Tego lata tj. 27 Lipca, miało miejsce na niebie niezwykłe wydarzenie. A właściwie dwa wydarzenia, które odbyły się jednocześnie. Jednym było najdłuższe zaćmienie księżyca, a drugim opozycja Marsa. Można powiedzieć, że to najważniejsze astronomiczne wydarzenie w 2018. Ale po co ograniczać się tylko do tego co widzimy? Czas zrobić własne największe wydarzenie astronomiczne i to na skale wszechświata. Zapraszam do recenzji książki „Wszechświat w twojej dłoni” autorstwa Christophe’a Galfard’a, która zabierze was w najdalsze zakątki wszechświata, jak i pokaże mikrokosmos. 
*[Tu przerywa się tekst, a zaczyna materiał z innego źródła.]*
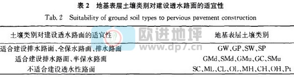 透水地坪路面的工程選址與類型選擇之地質(zhì)條件,地質(zhì)條件主要指原地基土的性質(zhì),調(diào)查地質(zhì)條件可確定2大問(wèn)題:其一,原地基是否適合建設(shè)透水路面;其二,若可建設(shè),宜建何種類型的透水路面.目前,美國(guó)、臺(tái)灣等地均按照《Standard Practice for Description and Identification of Soils(Visual——Manual Procedure)》(ASTM 1")2488—2006)進(jìn)行透水路面地層土壤的描述與鑒別,該法先進(jìn)行地表土層取樣,制成非原狀土樣后進(jìn)行目視一手工操作鑒別,最后按統(tǒng)一土壤分類法分類.據(jù)國(guó)外經(jīng)驗(yàn),可將地基土按適宜建設(shè)透水路面程度的不同分為表2所示的3類.由其可見(jiàn),適宜建設(shè)透水路面的多為砂性土地基,粉土、飽和度較高的粘性土則不宜建設(shè),這一結(jié)論值得我國(guó)參考.當(dāng)土基不符合要求,但又必須建設(shè)時(shí),應(yīng)先對(duì)地基進(jìn)行加固處理、甚至是換土。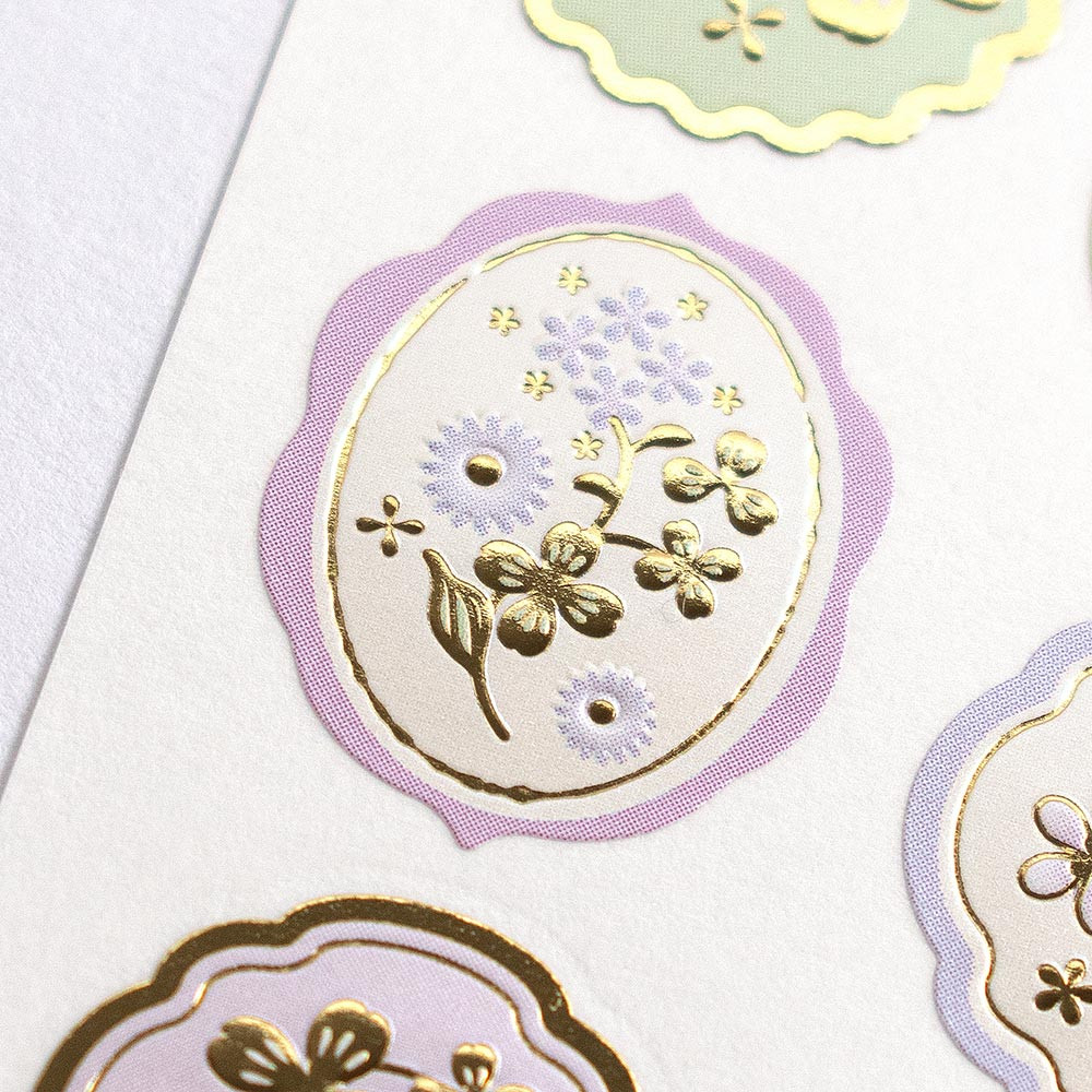 やさしく輝くパール紙に丸みのあるエンボス加工と金箔押し加工を施したシールです。 小花やクローバーを描いた上品なデザインです。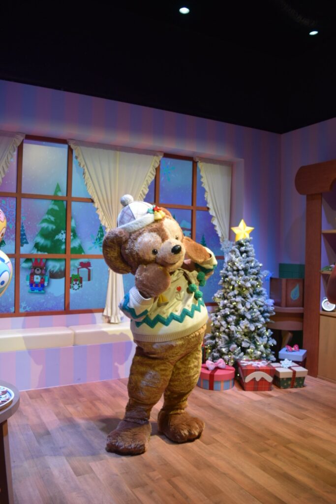 ダッフィー&フレンズ:プレイハウスでは、ダッフィ達が冬のコスチュームで登場。

Witajcie w prawdziwym (wszech)świecie

Cała książka jest kompletna pod względem przedstawionego materiału. Na prawie czterystu stronach poznajemy sporo szczegółów na temat wszechświata i mikrokosmosu, wraz z teorią względności i mechaniką kwantową. Autor naprawdę mocno stara się zainteresować czytelnika nie suchymi faktami, a ciekawymi, plastycznymi opisami i zabawą wyobraźnią. Bardzo mi się to spodobało, dzięki czemu książka nie brzmi jak kolejny podręcznik do fizyki. Najwidoczniej autor wziął sobie za punkt honoru, przedstawienie jak najbardziej obrazowo zawiłości naszego wszechświata. Na uznanie zasługuje także polski projekt okładki, która niewątpliwie przyciąga spojrzenia.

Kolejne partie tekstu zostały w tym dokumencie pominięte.